NAACP co-founder, anti-lynching activist and suffragist Ida B. Wells is the latest figure honored with her own signature Barbie doll by toy company Mattel. Wells rose to prominence for her work as an investigative journalist covering lynchings and other instances of racial segregation and inequality.
Wells’ doll is the latest addition to Barbie’s “Inspiring Women” doll series, which features the figurine interpretation of Wells sporting an 1800s-style high-neck blue dress, with her natural styled atop her head.
According to the National Park Service, Wells was born into slavery in 1862 in Holly Springs, Mississippi, the oldest daughter of James and Lizzie Wells. The writer was later freed due to the Emancipation Proclamation during the American Civil War.
A life-changing moment for Wells came when she was traveling by train from Memphis to Woodstock, Tennessee, where Wells was a teacher. She was forcibly removed from the train after she refused to give up her seat for one in a segregated car.

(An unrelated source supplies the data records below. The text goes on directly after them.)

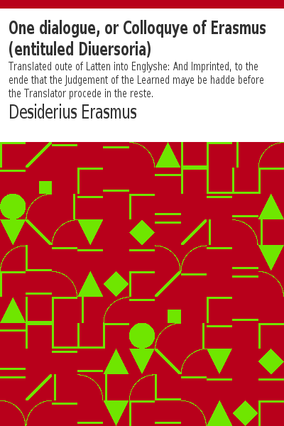One dialogue, or Colloquye of Erasmus (entituled...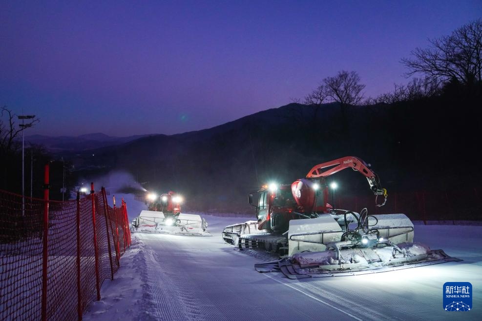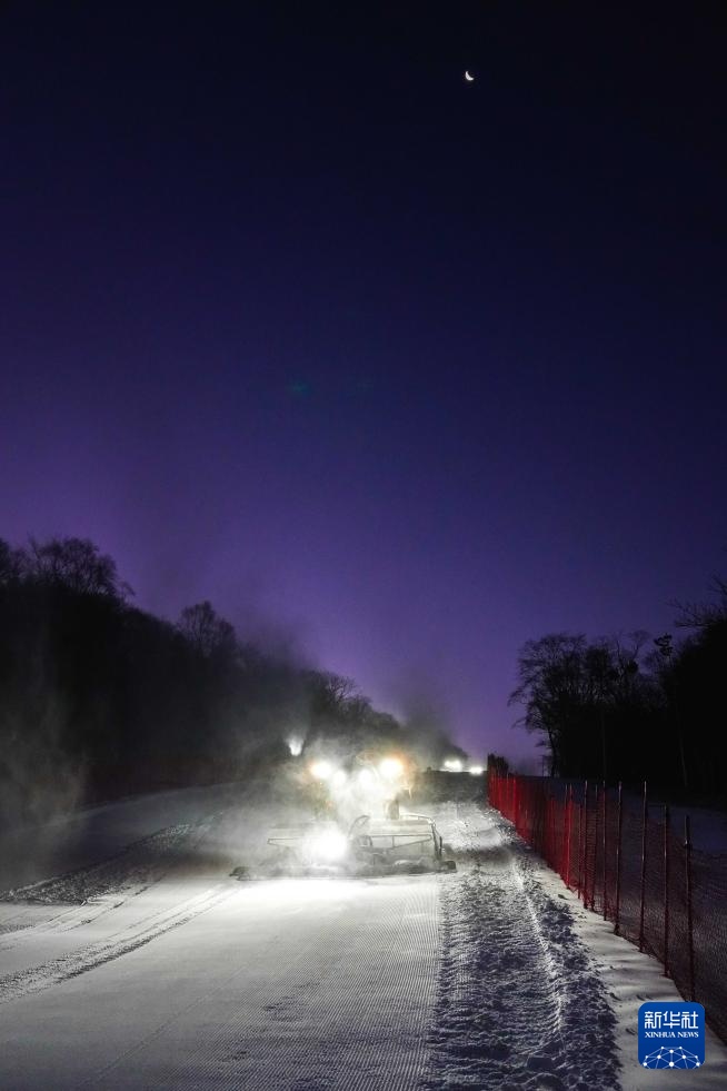 11月14日,在位于吉林市冰雪經濟高質量發展試驗區的北大湖滑雪度假區,壓雪機在雪道上作業。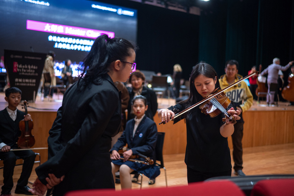 费城交响乐团与上科大合作的“保留项目”——大师班,在当天下午会议中心的主舞台上拉开序幕。上科大管弦乐团的27位成员和上科大附属学校的学生一起,在台上接受费城交响乐团演奏家的特别指导。台上台下的学生大多为理工科,没有相关的音乐专业背景,当这并不妨碍他们向往成为新时代的青年“爱乐者”。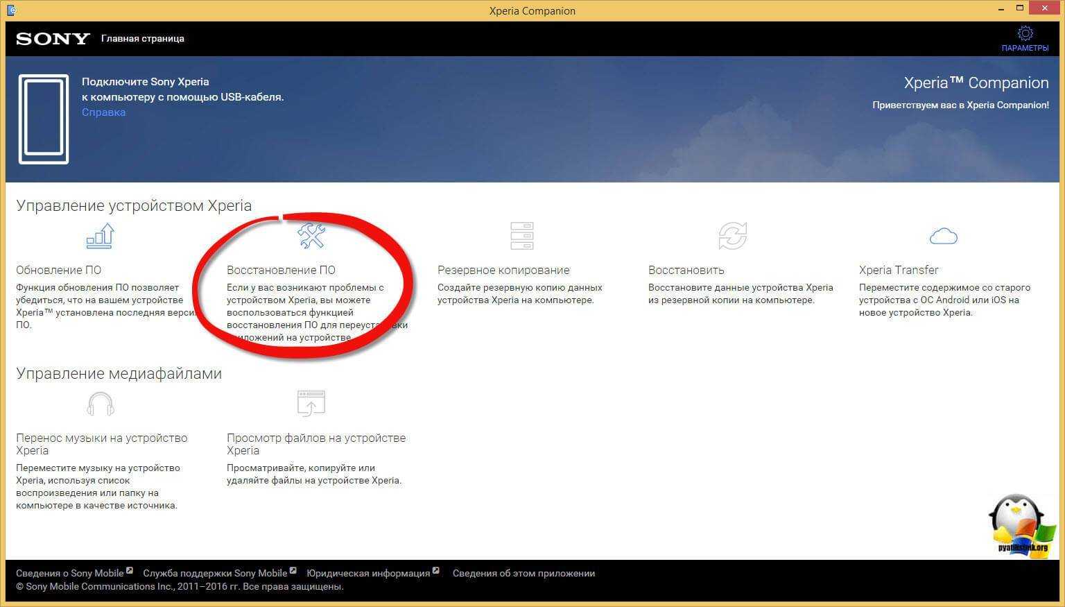 Открываем Xperia Campanion и находим пункт Восстановление ПО он как раз для таких целей и служит.

Wells would sue Southwest Railroad Co. in Chesapeake, Ohio, with the court, in 1884, ruling in her favor and that decision being overturned in the state’s supreme court.

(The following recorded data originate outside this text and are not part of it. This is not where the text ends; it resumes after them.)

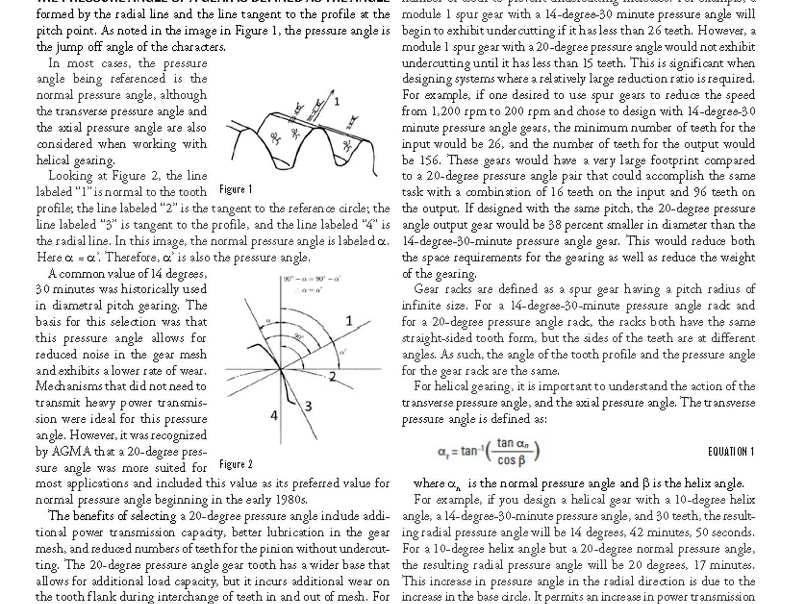 Understanding the Choice of Pressure Angle in the Design of Spur or Helical Gearing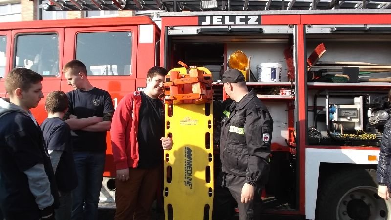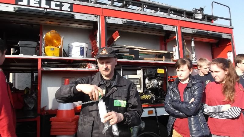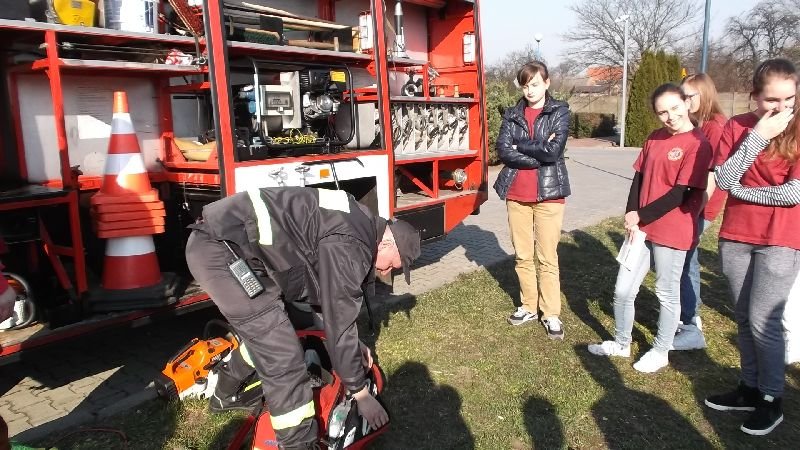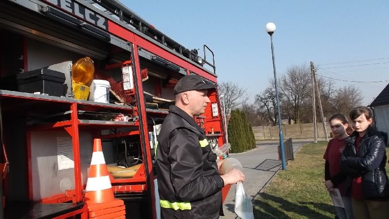 W dniu 19 marca w ramach edukacji dla bezpieczeństwa odbyło się spotkanie z zawodowym strażakiem p. Krzysztofem Bednarczykiem. Uczniowie klas trzecich naszego gimnazjum dowiedzieli się jak zapobiegać pożarom, jak zadbać o bezpieczeństwo swoje i innych w czasie pożaru. Każdy mógł z bliska zobaczyć sprzęt do gaszenia ognia i ratowania życia poszkodowanym, w który jest wyposażony wóz strażacki. To było bardzo ciekawe spotkanie. Może ktoś z jego uczestników zostanie kiedyś strażakiem?...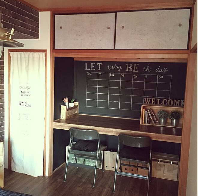 벽장 이용하여 작업 공간 확보. 뒷면 벽은 칠판 페인트로 벽에 메모도 가능합니다.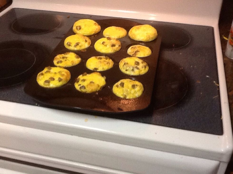Pour 1/4 cup egg mix into muffin pan

“The way to right wrongs is to turn the light of truth upon them,” the toy brand wrote in a statement on Instagram alongside a gallery of product shots of the new doll. Snaps included Wells holding a copy of a newspaper from the publication she co-owned and served as editor for, Memphis Free Speech. Other shots showed the pioneer’s laced finished dress and black buttoned boots.
The brand wrote that Wells “Grew to become a journalist, activist, and suffragist – bringing light to the stories of injustice that Black people faced in her lifetime, and co-founding several organizations including the NAACP.”

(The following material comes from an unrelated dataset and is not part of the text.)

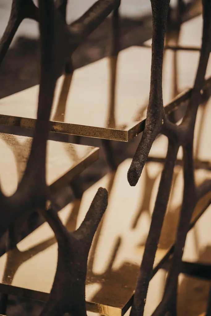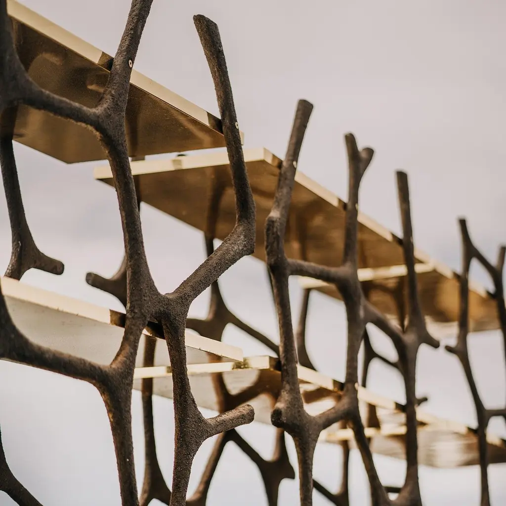 Designed by Francesco Maria MessinaThe collection is characterized by the use of two materials and two textures that are brought together to create a dialogue, mirroring the relationship between the ocean and the beaches that surround the island. In this design, we have the silver and gold mirrored-surfaces, which symbolize the ocean water and recreate the dialogue between the island shores and the open ocean.Sold as a singular element. This piece works well on its own, but also has an interlocking function that can be used to form an “infinite” pattern with 3 total elements. Please specify whether you'd like the singular element, two elements, or three to build the full interlocking shelf. This piece can also serve as a space divider. Bookshelf made of Gold Mirrored Acrylic & Aluminum lining with Lava Sand finish.Also available in silverLimited edition of 9 piecesCustomizable on request.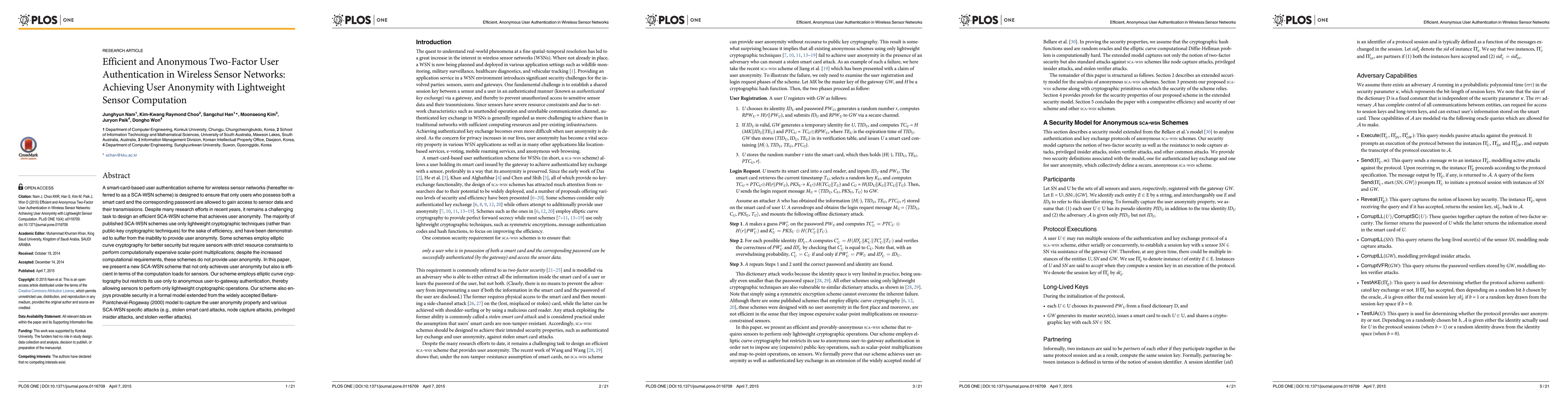 This paper proposes a smart-card-based two-factor authentication scheme for wireless sensor networks that achieves user anonymity while maintaining efficient sensor computation. The scheme uses elliptic curve cryptography for anonymous user-to-gateway authentication, allowing sensors to perform lightweight operations, and is proven secure against various attacks.

“When kids learn about heroes like Ida B. Wells, they don’t just imagine a better future – they know they have the power to make it come true,” Mattel added.
Barbie’s “Inspiring Women” series is dedicated to spotlighting heroes who paved the way for generations of girls to dream big and make a difference. Wells now joins civil rights activist Rosa Parks, singer Ella Fitzgerald and poet and civil rights activist Maya Angelou, who recently became the first Black woman who will appear on the U.S.-minted quarter.
The Ida B. Wells doll will be available at major retailers by Monday, Jan. 17, on Martin Luther King Day.